The scale of the collections
The six Core Integration demonstration projects worked as a loose collaboration, with each project having a different emphasis. At Cornell, our particular focus was on scale. The grand vision is that the NSDL become a comprehensive library of every digital resource that could conceivably be of value to any aspect of education in any branch of science and engineering, both defined very broadly. The following have been suggested as five-year targets for the size of the NSDL.
The most interesting figure in Table 1 is the number of possible collections. An informal definition of a collection is a group of items that are managed together. As an example, Figure 1 is a screen dump from the Site for Science web site. It shows images from two typical collections: the Alsos Digital Library for Nuclear Issues, which is an NSDL-funded collection, and the Paleontological Research Institution in Ithaca, New York, which receives no NSDL funding.
In addition to working with NSDL-funded collections, the Site for Science team began a process of working with other collections. A particularly fruitful relationship has been developed between the NSDL and the Institute for Museum and Library Services (IMLS). This relationship has produced two documents on interoperability. The first provides guidance on building good digital collections [IMLS 2001a]. The second addresses collaboration between IMLS and the NSDL [IMLS 2001b].
Other potential collections range in size from very large (for instance the online journals of a major publisher, NASA's collections of images, or the GenBank database of genetic sequences) to small web sites. Even casual browsing of the web reveals an immense quantity of materials. Primary materials include collections of flora and fauna, images of the earth and of space, and a wide variety of data sets. The history of science is particularly well represented online, as is the technology area, with descriptions of how things work and how to build them. Educational materials that should be incorporated in the NSDL include class web sites, which often include class notes, sample examinations and slides.

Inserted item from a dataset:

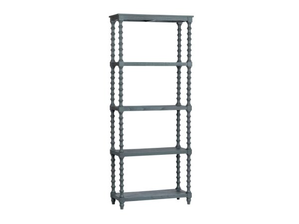 This unique Trellis Lane accent bookcase is crafted from solid mango wood with a weathered grey finish and hand-carved end panels. It offers five shelves for storage, anchored by block legs.

Some of these materials are transitory or of indifferent quality, but many are excellent. Many have been assembled by small organizations or dedicated individuals; some are side products of other work. The Core Integration task is to provide access to these materials so that they appear as a single digital library.
Interoperability among heterogeneous collections is a central theme of the Core Integration. The potential collections have a wide variety of data types, metadata standards, protocols, authentication schemes, and business models. They are managed by large numbers of organizations, some of which have grants from the NSF, but most of which are independent. Some are well funded, but many have limited resources. Some were established specifically for education, but most are not designed primarily for education. All have their own priorities.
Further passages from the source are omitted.